Both of these folders contain a lot of .msgpack.lz4 files. Msgpack is similar to json, but -as the creators put it themselves- fast and small (MessagePack, sd). Lz4 is a fast, lossless compression algorithm (lz4, 2020). One would assume that these files are therefore lz4 compressed msgpack files, but when trying to decompress these files, lz4 outputs “Error 44 : Unrecognised header : file cannot be decoded”. When comparing the header of these lz4 files to the header of a typical lz4 file, it is entirely different. This could mean that they are either not lz4 files or that Nintendo uses a custom implementation of the lz4 format. Despite not being able to decompress the files, there is still much readable information available. The problem, however, is that the values are not readily readable without any decompression.

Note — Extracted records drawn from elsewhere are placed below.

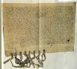 Under the new abbot, Abbot John, the abbey sought the return of those lands. The case appears to have gone to Bishop Walter's consistorial court, which he held at the chapel of Innerpeffry. Here Naomhán and Mairead agreed to accept a payment of 40 marks in exchange for returning the documents of ownership given to them by the abbot and for acknowledging the abbey's ownership. The couple pledged to honour the agreement by swearing an oath on the chapel's Gospels.[38] The case then proceeded to a hearing held under Robert Stewart, Earl of Strathearn and High Steward of Scotland (later King Robert II), at Perth, where the couple were forced under the threat of severe penalties to swear again never to renew their claim.[39] The decision was sealed by the witnesses, including Bishop Walter, at a Perth church on 30 November 1365.[40]
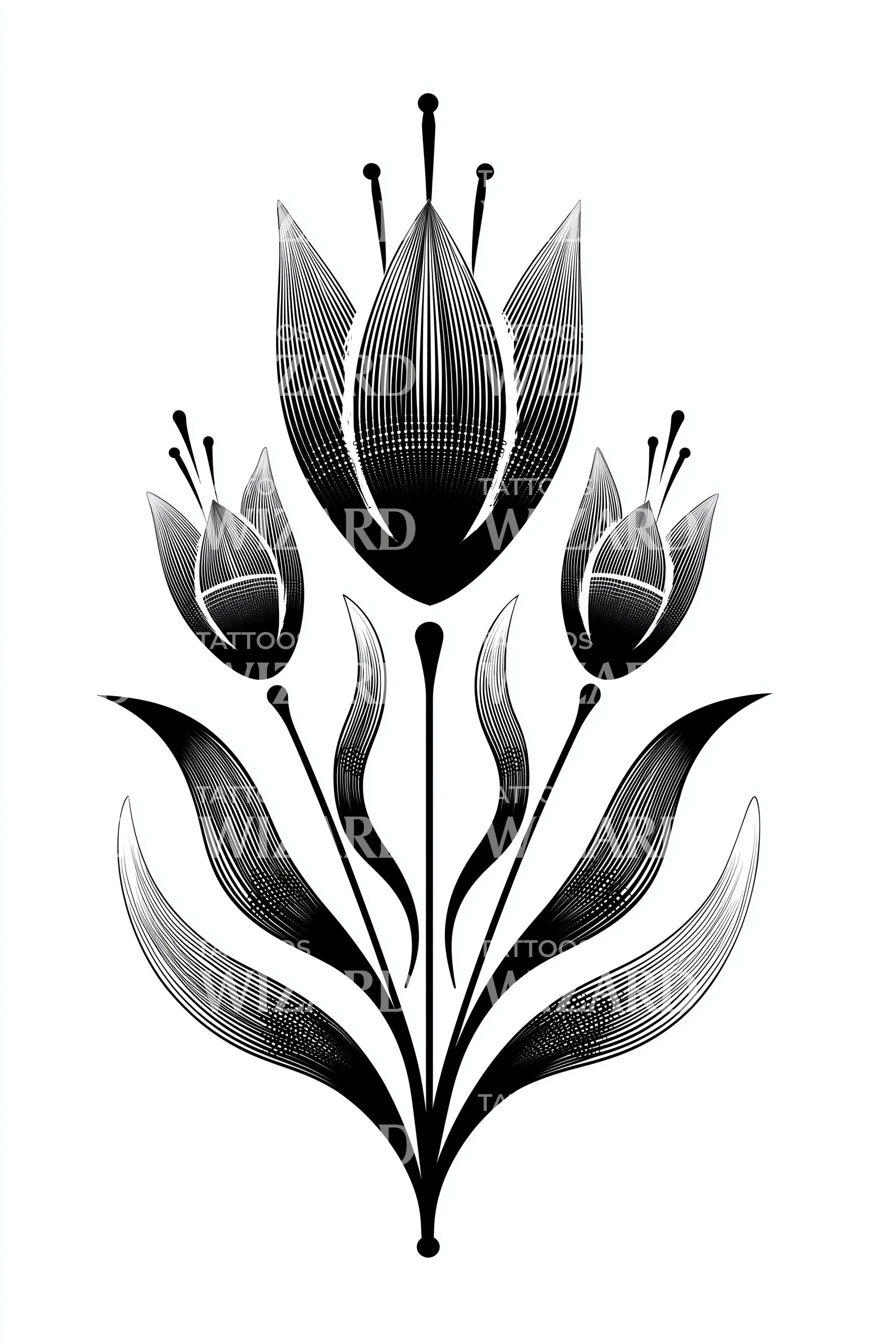 Bold Tulip Bouquet Tattoo Design
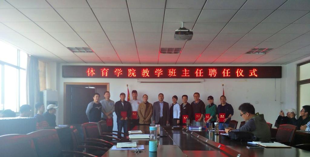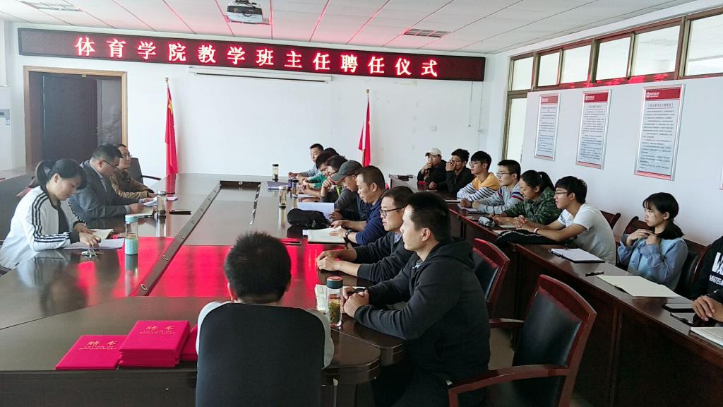 10月24日中午,XCSport在体育馆会议室举行首届技能教学班主任聘任仪式。经理章翔、副经理林秋菊、党委副书记高栋梁、教学办公室相关老师、技能教学班主任、2018级新生班辅导员以及2018级新生代表参加了仪式。
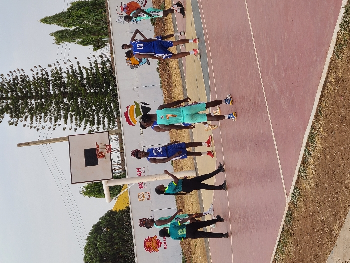 This image depicts an outdoor basketball court in Jos, Nigeria
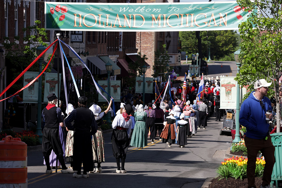 Various businesses downtown were given temporary signage, transformed into peanut shops, flower stores and more. Plastic tulips were “planted” on the sidewalks and in flower boxes along the street.
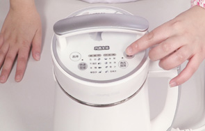盖上豆浆机机头,选择“五谷”程序,再选择“开始”键,启动豆浆机。

There are some readable strings but making sense out of this is complicated and unreliable. The UTC timestamp takes place during the experiment, however. We can conclude that something happened at this time, but what exactly is too vague. Until these files can be decompressed, it is too unreliable to conclude anything about the contents of these files.

The file current.msgpack is not compressed and exists in A1 and A2. It is the same file in both. This file contains the following information after the experiment:

Figure 8 The content in the file current.msgpack

The shutdown timestamp and date are accurate with the time the console was last shut down before imaging but offset by two hours. We can conclude that these timestamps are in UTC since the console time zone is set to CEST, which is two hours ahead of UTC.

80000000000000D1

Contains crash logs which are serialised using msgpack. This time they are not compressed so they can easily be converted to JSON and read. They contain a lot of useful information that presumably gets send to Nintendo Co., Ltd to debug their application. In this case, this is extremely interesting because it contains much information that cannot be obtained by simply looking at the user interface. Even when comparing the output of these files to the error history on the Switch, there is a lot more information available. Only the last ten crash dumps are shown on the Switch, but there are fifty crash log files both before and after the experiment.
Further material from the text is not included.